Мотив самоубийства, совершенно чуждый футуристической и лефовской тематике, постоянно возвращается в творчестве М-го — от ранних вещей его, где вешаются безумцы в неравной борьбе с бытом (дирижер, человек с двумя поцелуями) — до сценария “Как поживаете”, где газетное сообщение о самоубийстве девушки приводит в ужас поэта. Рассказав о застрелившемся комсомольце, М. добавляет: “До чего ж на меня похож! Ужас”. Он примеривает к себе все варианты самоубийства: “Радуйтесь! Сам казнится *** Обнимет мне шею колесо паровоза *** Добежать до канала и голову сунуть воде в оскал *** А сердце рвется к выстрелу, а горло бредит бритвою *** К воле манит, ведет на крыши скат *** Аптекарь, дай душу без боли в просторы вывести ***”

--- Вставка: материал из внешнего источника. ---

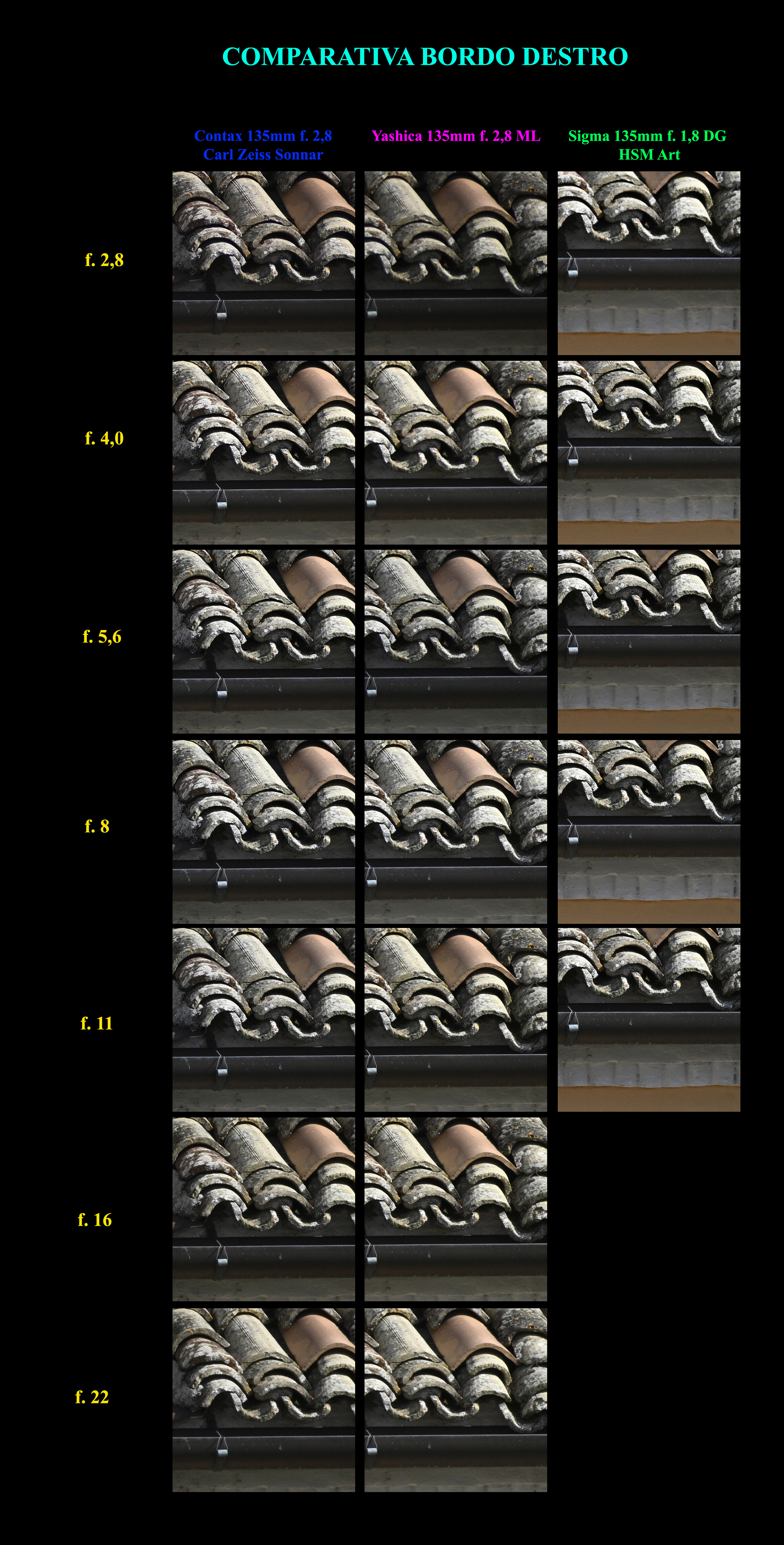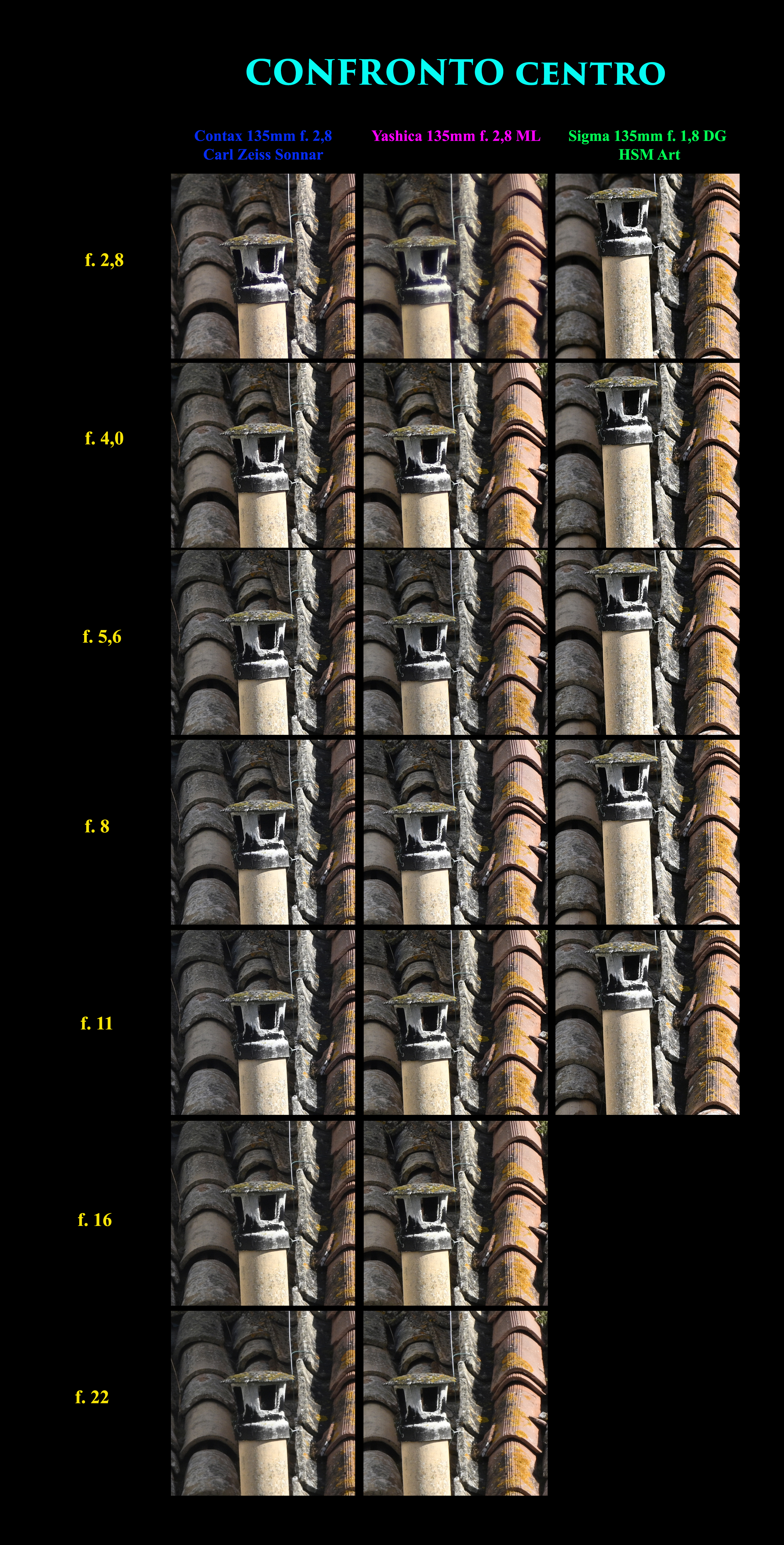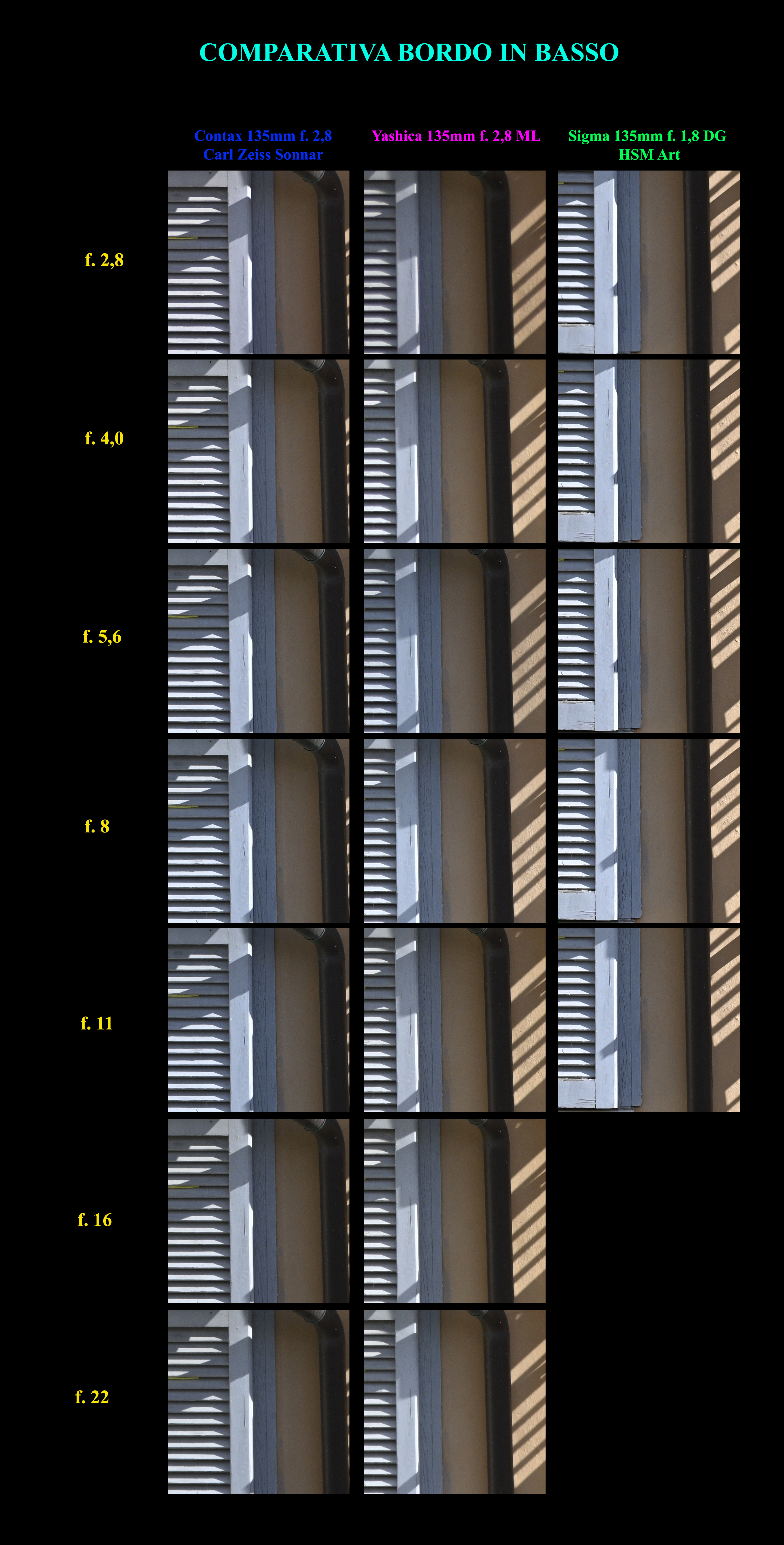 Al centro dei fotogrammi, a tutta apertura (f. 2,8), il Contax è decisamente migliore dello Yashica, ma il Sigma è il migliore di tutti (ma essendo un f. 1,8 lo scatto è già diaframmato di più di uno stop e quindi direi che è abbastanza normale), ma già a f. 4,0 la situazione si livella decisamente e tutti e tre gli obiettivi restituiscono degli ottimi scatti. Solo ai diaframmi più chiusi (f. 16/22) il Contax cede un po’ il passo allo Yashica.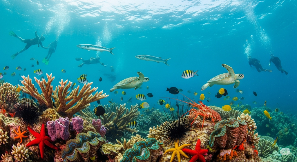 - Colorful Coral Reefs: Home to vibrant corals, sea fans, and marine plants.

Резюме поэтической автобиографии М-го (если угодно — лито-монтаж): В душе поэта взрощена небывалая боль нынешнего племени. Не потому ли стих его начинен ненавистью к крепостям быта, и в словах таятся “буквы грядущих веков”? Но, “гражданин-фининспектор, честное слово, поэту в копеечку влетают слова”. Изначальный образ М-го: “Выйду сквозь город, душу на копьях домов оставляя за клоком клок”. С каждым шагом все острее сознание безысходности единоборства с бытом. Клеймо мучений выжжено. Способов досрочной победы нет. Поэт — обреченный “изгой нынчести”.
Этот мотив теряет литературность. Сперва из стиха он уходит в прозу. “Деваться некуда” (ремарка на полях “Про это”). Из прозы в жизнь: “Мама, сестры и товарищи, простите, — это не способ (другим не советую), но у меня выходов нет” (из прощального письма М-го).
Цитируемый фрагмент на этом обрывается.